Saturday, January 8, 2011

Long-haul trucking from Mexico offers job growth in the U.S.

President Obama, who promised voters he would bring change, continues to work hard to transform America.

His newest plan is to allow Mexican truck drivers to provide long-haul services in the United States.

Ozarks truckers are not happy about it. Here's an excerpt from the KY3.com report:

The Obama Administration is raising the ire of trucker drivers across the country, by proposing opening U.S. roads to Mexican trucking companies. The proposal would allow long-haul Mexican trucks to move cargo into the United States. It's something for which Mexico has been pushing but local American truckers strongly oppose.
Right now, Mexican trucks travel a very limited distance across the border.
"I see them all the time when you go down to Laredo and get close to the border. They come over. They pick up our loads. They bring them back across," said truck driver Dustin Walensky of Aurora.
A new proposal by the U.S.Department of Transportation would allow long-haul trucking by Mexican companies.

Another issue is safety. The proposal calls for safety audits, emissions standards and driver background checks, but those in the U.S. trucking industry say the trucks that they've seen could not be safe.

"Their trucks are barely held together. They're older; a lot of the old cab-overs they take over and they fix up, but they're not fixed up; they're dangerous," said Walensky.

The proposal comes after legislation signed in 2009 ended a pilot program begun in 2007 that allowed a limited number of Mexican companies to haul freight beyond a 25-mile zone. Mexico has protested the lack of access as a violation of the North American Free Trade Agreement.
The U.S. Chamber of Commerce applauds the proposal.

I see three economic sectors profiting greatly from this move by President Obama.

One is the Drug Trade Sector. We've already got a lot of Mexican drug trade up and down Interstate 44 through Rolla, and putting Mexican trucks on the highway is bound to increase the volume of dope moving through Missouri. That will mean more employment for drug dealers, and it could trickle through the Mexican economy as they order more trucks to put on U.S. highways.

Another is the Law Enforcement Sector. If we're going to allow more Mexican trucks on the road and they're going to carry drugs, we're going to need to increase our law enforcement on the highways to try and stop this drug trade.
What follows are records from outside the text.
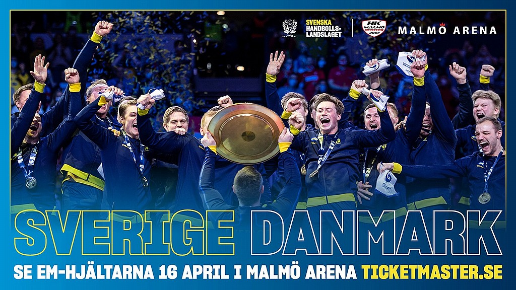 Nyblivna Europamästarna Sverige tar emot världsmästarna Danmark i en riktig guldstrid påskafton den 16 april kl. 16.00 i Malmö Arena.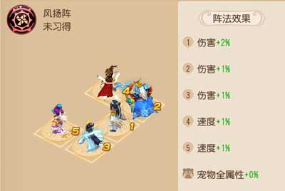 獅駝嶺擅長物理群傷,且具備不錯的控制能力,不過其還是更偏向于輸出職業,所以獅駝嶺在陣法選擇上依舊推薦速度和傷害屬性。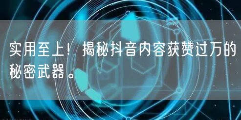 总之,要想在抖音平台上创作出获赞过万的内容,需要了解用户喜好、遵循实用至上的原则、创新内容形式、紧跟热点并注重互动与反馈。掌握这些秘密武器,你将能轻松打造出吸引用户眼球的爆款抖音内容。
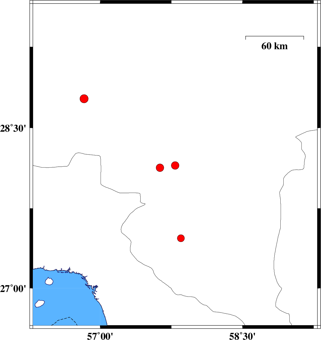 2020/11/05 | 16:56:00.1 | 20:26:00.1 | 28.13 | 57.63 | 20 | ML:3.6 | Kerman Province, 21 km North of Kahnuj | ||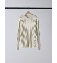 シンプルなスクエア型で、体のラインを拾わない緩さのあるシルエットを採用。リブニットのトップスにありがちなコンパクトなインナーとは対極に、カジュアルなロンTのような立ち位置で着用いただける1枚に仕上げています。弾力のあるさらっとした糸で、春先のまだ寒い時期から活躍するアイテムです。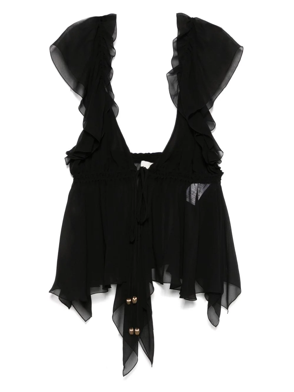 silk blouse Highlights - Black - V-neck - Short sleeves - Open back Imported Composition Silk 100% Washing instructions Dry Clean Only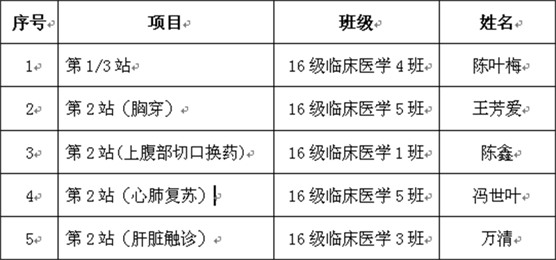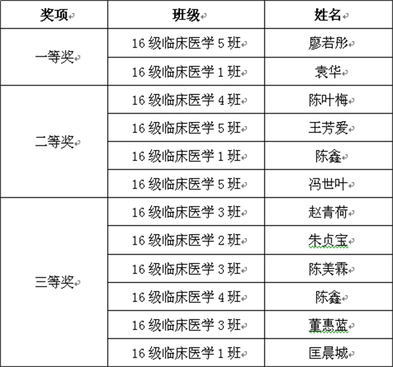 附表一 2018年临床医学专业学生技能大赛决赛获奖名单

We'll need more police, more bailiffs, more jailers, to take care of the spurt in crime.

Finally, and this, too, is related, is the Shyster Lawyer Sector. Those Mexican drug couriers will need to be represented in U.S. courts. Moreover, there is an opportunity here for more lawsuits due to so-called "racial profiling." Anytime someone in the Law Enforcement Sector stops someone in the Drug Trade Sector, someone in the Shyster Lawyer Sector needs to be there to hand out business cards and promise to sue the local government, state government and federal government for gazillions of dollars.

I see lots of business opportunity here; no wonder the U.S. Chamber is supporting it.